When it comes to open source, we have to mention GitHub , the world's largest programming community and code hosting website . GitHub was founded in San Francisco, USA in 2008. It created a new way of development assistance where people can obtain massive free code resources on the website. Many good AI algorithms and projects can be found here, such as Google's TensorFlow, Microsoft's CNTK (Cognitive Toolkit), Meta's Torch, Caffe, Theano and other open source deep learning frameworks.

GitHub核心使用了Git技术,以前的版本控制系统都是运行在集中的版本控制服务器上,
而Git创新地把它变成了分布式。通过GitHub网站,我们只需要从任何公开的代码仓库中
克隆代码到自己账号下,就可以进行开发和编辑。我们也可将修改的代码给原作者发送
一个推送请求,原作者觉得代码改动没问题,就可直接把修改的代码合并到自己的原代码中,
这样实现了集体编程。

Open source dominates the technology ecosystem . For example, many people like to use Python to study AI algorithms. This is because many practical deep learning frameworks and machine learning software can run based on Python, such as TensorFlow, Scikit-learn, Keras, Theano, Caffe, etc. These open source software provide a good learning environment!

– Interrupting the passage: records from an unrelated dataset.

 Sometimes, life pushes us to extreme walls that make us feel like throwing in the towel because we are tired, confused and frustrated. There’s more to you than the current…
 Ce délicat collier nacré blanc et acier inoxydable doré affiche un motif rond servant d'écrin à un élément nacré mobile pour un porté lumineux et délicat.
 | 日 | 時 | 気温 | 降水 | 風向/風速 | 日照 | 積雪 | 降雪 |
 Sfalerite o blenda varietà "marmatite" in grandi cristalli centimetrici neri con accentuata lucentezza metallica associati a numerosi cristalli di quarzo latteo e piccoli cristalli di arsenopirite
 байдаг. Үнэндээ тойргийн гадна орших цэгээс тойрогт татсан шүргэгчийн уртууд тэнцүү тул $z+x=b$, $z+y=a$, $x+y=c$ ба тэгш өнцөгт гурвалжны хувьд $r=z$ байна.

But there are also side effects - some people like to use it. Programming no longer starts from scratch, but directly copies the entire code from the Internet. Software companies begin to rely on encapsulation and fine-tuning of source code to claim independent research and development.

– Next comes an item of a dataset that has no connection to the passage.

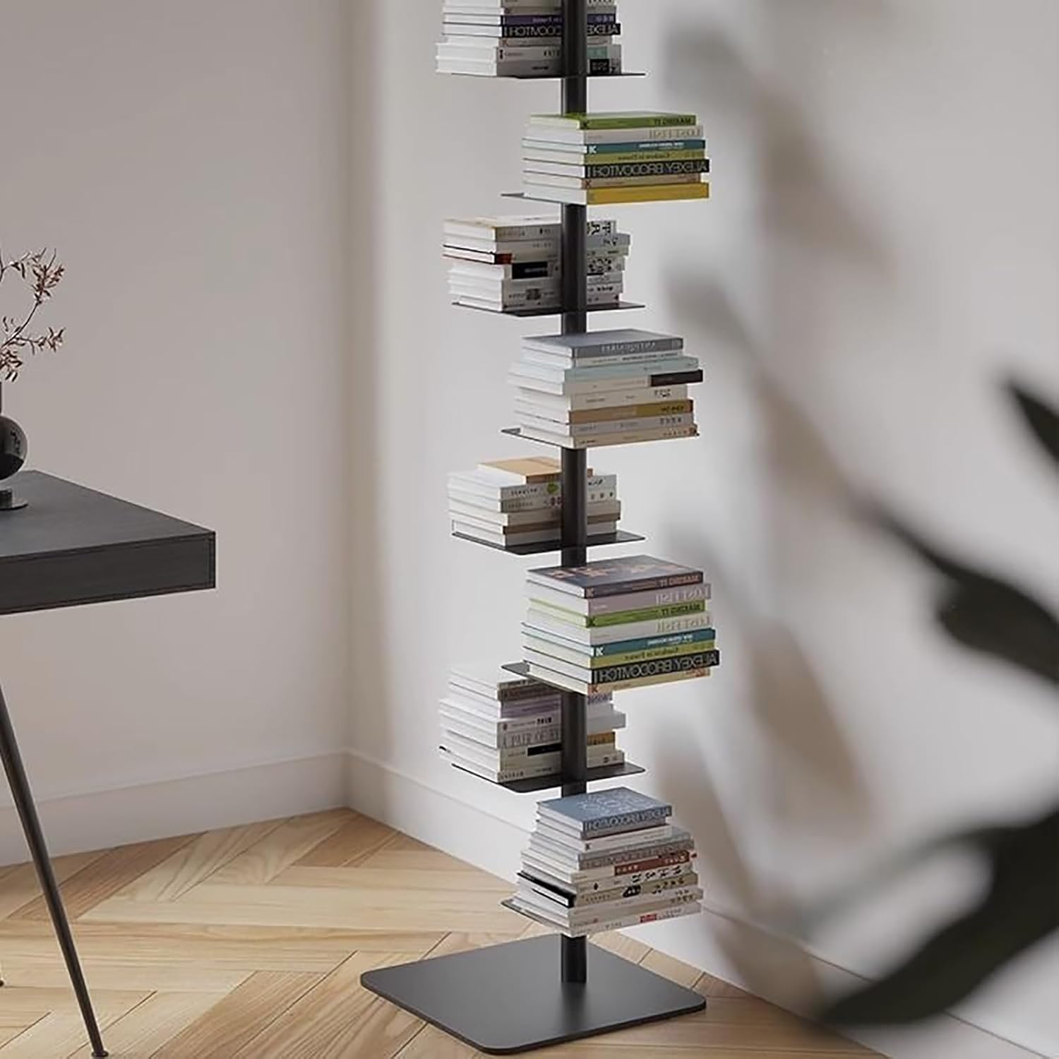 Rak buku model spine dirancang ramping dengan susunan zig-zag yang bertumpu pada rangka besi di tengah. Desain ini minimalis dan modern, cocok untuk sudut baca, ruang kerja, atau kamar tidur.

Although the software is open source, it is not the best choice for enterprises, because open source software cannot guarantee high availability and security , and its use is very risky for business . In addition, AI is different from other ordinary programs. It does not run well as long as it has software code. It also needs to rely on massive data, high-performance computing power, and many rounds of model training—so some more mature AIs may not be open source. Road, such as the popular natural language processing model GPT some time ago, when GPT-2 was released, OpenAI did not choose to disclose all the codes, but only a part of it. It believed that GPT-2 was too powerful, and there might be security risks if it was completely open source; GPT When the -3 model was released, OpenAI chose to invite testing in the form of an API interface and did not directly disclose the code in order to prevent the abuse of this technology .


Summarize

Although computers can already perform billions of operations per second, they still cannot meet the needs of human calculations!

Although we can simulate more than 100 billion model parameters, this may not even be one ten thousandth compared to the neurons in the human brain!

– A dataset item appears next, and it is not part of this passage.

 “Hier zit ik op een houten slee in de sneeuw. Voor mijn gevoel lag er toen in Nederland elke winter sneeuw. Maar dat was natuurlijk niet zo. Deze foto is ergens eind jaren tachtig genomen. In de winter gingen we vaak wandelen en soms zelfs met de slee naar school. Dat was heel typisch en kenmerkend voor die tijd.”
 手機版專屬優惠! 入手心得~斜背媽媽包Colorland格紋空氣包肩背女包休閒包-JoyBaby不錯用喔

Until today, we are far from having the computing power to reach the level of general AI, pursuing high-performance computing power, and understanding the direction that humans need to work hard!

  Highlights from the past:

[AI underlying logic] - Chapter 5 (Part 2): Clustering & dimensionality reduction & time series of machine learning algorithms

[AI underlying logic] - Chapter 3 (Part 2): Information exchange & information encryption and decryption & noise in information

[AI underlying logic] - Chapter 3 (Part 1): Data, information and knowledge & Shannon information theory & information entropy

[Machine Learning] - Continued: Convolutional Neural Network (CNN) and parameter training

[AI underlying logic] - Chapter 1&2: Statistics and probability theory & data "traps"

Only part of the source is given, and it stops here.